The ECB’s campaign to “sex up”  the image of English cricket seems to be gathering momentum as this “Exciting Summer of Cricket” (copyright the BBC) proceeds.

We have already had a prominent campaign featuring Michael Vaughan in his long johns and another featuring Broad, Anderson and Cook stark naked (I can’t remember what the excuse for this one was).

In today’s Observer we have a curious kind of unofficial advertorial for Hugo Boss (an England partner) –  based around Adrian Deevoy  observing the players getting fitted out with their uniform Boss suits – which takes the homoerotic nudge-winkery to new levels.

On the cover we see  Strauss and “KP” doing up their ties (or possibly taking them off).  Inside we have an advert for Boss featuring Flintoff (I think, though someone’s clearly been at him with an airbrush), Anderson and Cook (like two brothers from a Godfather film), Pietersen (looking relatively restrained) and on the end poor old Monty (who a. looks like he’s going to a wedding and b. looks like he’s standing in a hole, inspite of the fact that he’s 6 feet tall).  They are all standing in that strange pose - chests out, stomachs in, arms by their sides – that signals “oi mate – you want some?”.

Moving on to the actual article “England suits up for battle” (not a very idiomatic phrase, to my mind) we find further moody shots of the boys robing and disrobing.  Matt Prior adjusts Andrew Strauss’s tie for him.  There’s a hint of Caravaggio there and a bit of Reservoir Dogs. 

The text begins “Dont mention the A word” – at first I assume he means ”Ashes”, but by the end of the article I’m not so sure (perhaps it’s Armani).  First KP pitches up, removes his camouflage shorts , offers some thoughts on the merits of the England football team’s suits, puts his shirt back on and then “the man who moisturises nightly is out the door”.  Next is Collingwood, who is reminded that he wasn’t wearing any underwear the last time he was fitted for an England suit, followed by some banter about what size underpants he needs.  “Member of the British Empire,  indeed” comments the Observer.

One by one in they come.  Cook is “unpardonably pretty” and has “the detached air of Flashman-like cruelty to match”.   ”An anonymous off-spinner” (i.e Swann) comments about Broad “I’ve often said to him if he had a pair of breasts I’d fancy him too”.   Even Matt Prior’s “even blue gaze and close crop give him the look of an assassin in a TV crime reconstruction”. 

The only one a little left out in the unfortunate Panesar.
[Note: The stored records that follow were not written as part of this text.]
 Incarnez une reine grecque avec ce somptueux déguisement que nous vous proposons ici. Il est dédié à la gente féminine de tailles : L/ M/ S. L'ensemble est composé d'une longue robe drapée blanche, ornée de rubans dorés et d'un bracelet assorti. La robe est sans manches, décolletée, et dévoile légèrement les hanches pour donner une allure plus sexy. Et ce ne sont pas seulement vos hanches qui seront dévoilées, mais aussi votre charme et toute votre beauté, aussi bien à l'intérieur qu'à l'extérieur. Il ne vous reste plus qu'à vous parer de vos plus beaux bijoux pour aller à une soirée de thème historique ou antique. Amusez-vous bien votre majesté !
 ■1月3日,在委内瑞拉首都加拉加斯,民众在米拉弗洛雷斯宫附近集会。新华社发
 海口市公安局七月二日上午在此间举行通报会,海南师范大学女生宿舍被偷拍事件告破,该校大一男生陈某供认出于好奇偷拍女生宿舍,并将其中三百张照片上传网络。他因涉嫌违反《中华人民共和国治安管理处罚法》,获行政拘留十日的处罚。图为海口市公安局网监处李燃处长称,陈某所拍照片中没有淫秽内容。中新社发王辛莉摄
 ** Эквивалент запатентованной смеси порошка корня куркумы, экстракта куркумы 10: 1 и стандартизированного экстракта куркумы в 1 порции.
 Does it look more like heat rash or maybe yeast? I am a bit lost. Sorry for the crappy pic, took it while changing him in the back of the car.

In spite of having “mesmeric cola-coloured eyes” “there’s a seriousness,  sadness even, to the be-patka-ed leggy”.  Perhaps that’s because the reporter can’t remember what type of spin he bowls (or perhaps by “leggy” he means he’s got long legs).
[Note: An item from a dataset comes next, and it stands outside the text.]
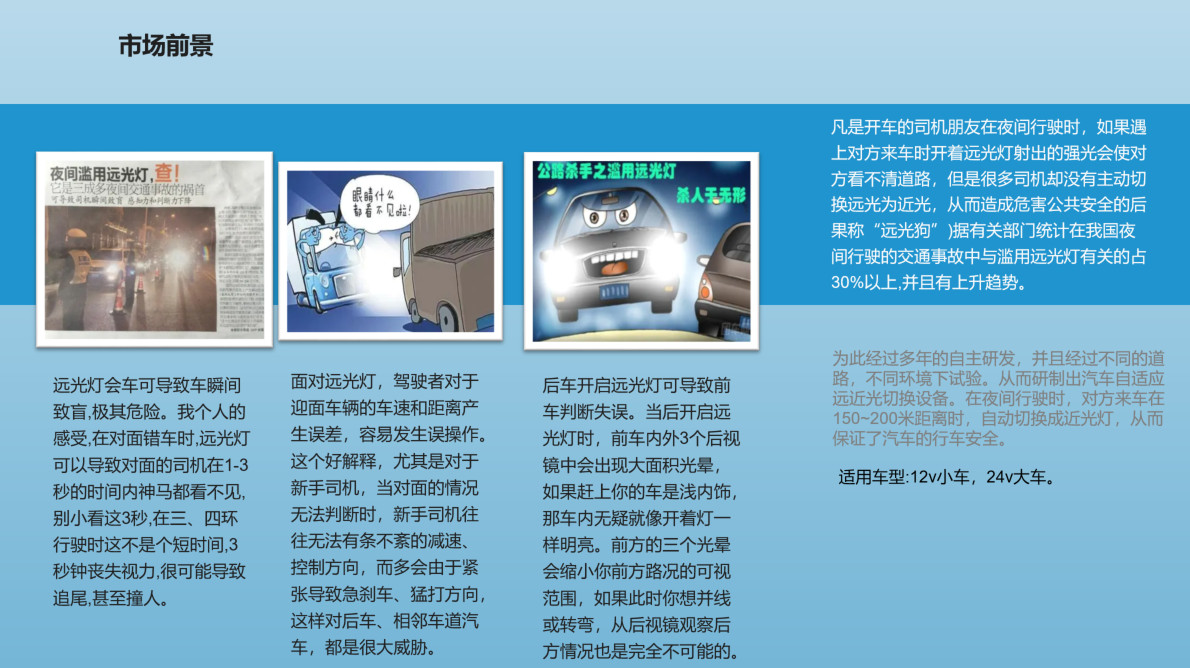 4.防抢电功能:在夜晚时,当汽车启动时,车灯自动关闭,启动后,车灯自动打开。

Onions  – “willowy” - wears baggy, brightly-coloured underpants, whereas, as AD gravely notes – “uniformly his colleagues have favoured the tight, short-legged variety of pant, preferably in simple black of white with, perhaps, a waistband of complementary hue”.

Ravi Bopara (”compact physique”) wonders about his suit “Do you think it should be tighter here … or would that look a bit … you know?”.

And finally, Andy Flower – “commands a respect that slight men with strawberry-blond hair who were once known as “Petals” are seldom afforded”.

Now it’s not – as a good Guardian reader - that I have any objection to That Kind of Thing, but I am a bit worried that team selection may come to depend on looks rather than ability, if this trend continues.  We have already had poor Patel being dismissed from the side for being overweight – ostensibly because his fitness level might affect his form, but actually I supect because he isn’t “buff”  enough to look good in one of those tight undershirt things.

And what, I wonder,  would Adrian Deevoy have made of the English dressing room of forty years ago?  How would he have described say Cowdrey, Milburn, Sharpe and Parfitt in their underwear?  And what poetic epithetics might he have found to match the eyes of – say – Fred Titmus?

Deep waters, my friends, deep waters.